Researchers at the George Mason University Center for Applied Proteomics and Molecular Medicine have announced a nanotechnology tool that may make protein biomarkers easier to identify. The smart hydrogel nanoparticles mix with a patient’s blood sample to “suck up” protein biomarkers from blood and preserve, protect, and stabilize the molecule. Scientists are currently applying the technology to cancer and other diseases.

Genizon BioSciences has closed its Series E financing to the tune of approximately $31 million. The new investment will be partially used to fund additional genome-wide association studies in the four major diseases associated with metabolic syndrome: obesity, type II diabetes, dyslipidemia, and hypertension. The lead investor is BTF B.V. of Haarlem, The Netherlands.

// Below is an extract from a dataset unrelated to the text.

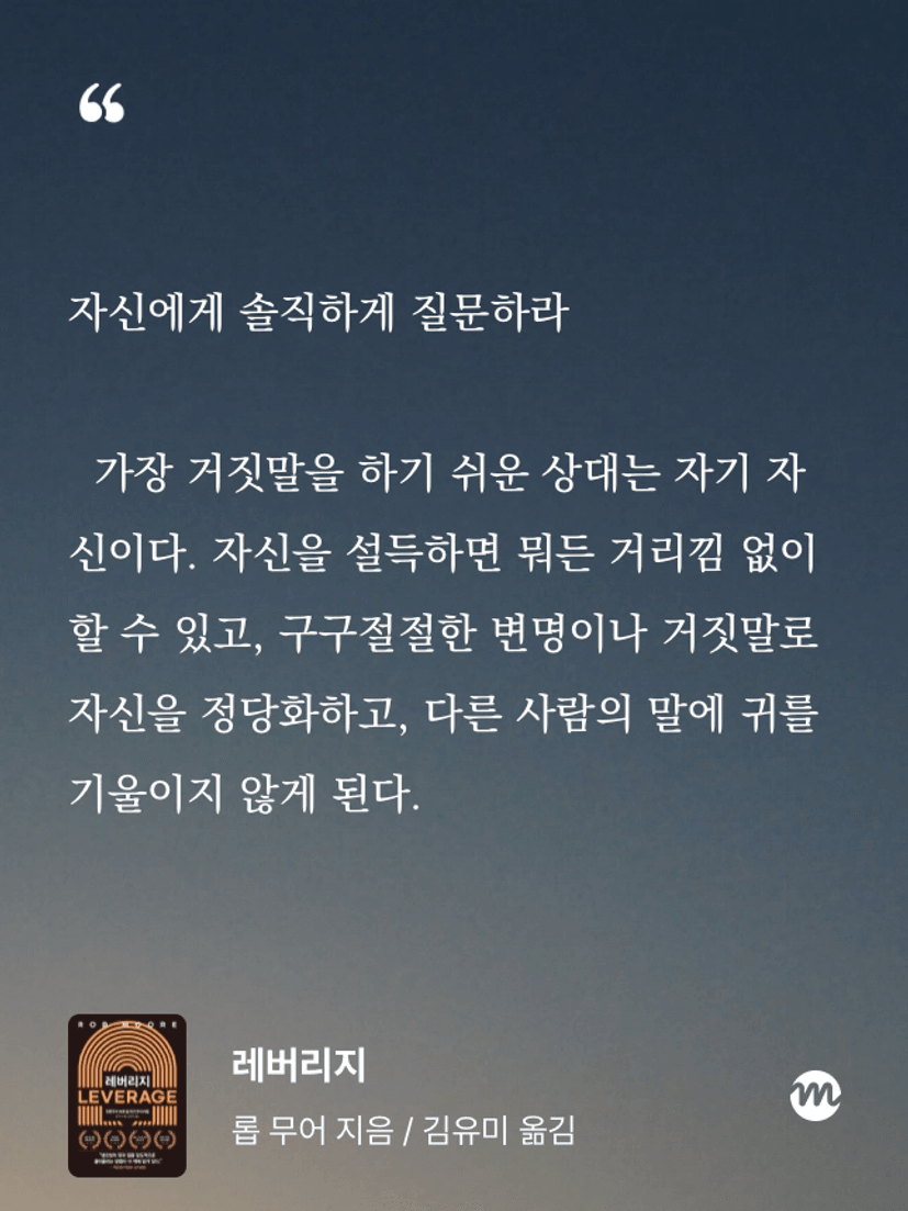 이 책을 통해 가장 크게 느낀 점은 레버리지는 기술이 아니라 태도라는 사실이다.

The Autism Consortium used the new Affymetrix 5.0 chip to scan the genomes of more than 3,000 individuals, about half of which have been diagnosed with an autism spectrum disorder (ASD). The scan resulted in compelling evidence that a region on chromosome 16 appears to play an important role in ASD susceptibility. The findings were verified by independent observations at Children’s Hospital Boston and deCODE Genetics.

Illumina has settled all ongoing lawsuits with a $90 million payment to Affymetrix. Both firms have agreed not to sue for use of current and future products. The litigation surrounded Affy’s claim that Illumina’s products infringed on patents, and were originally filed in the U.S., U.K., and Germany in 2004.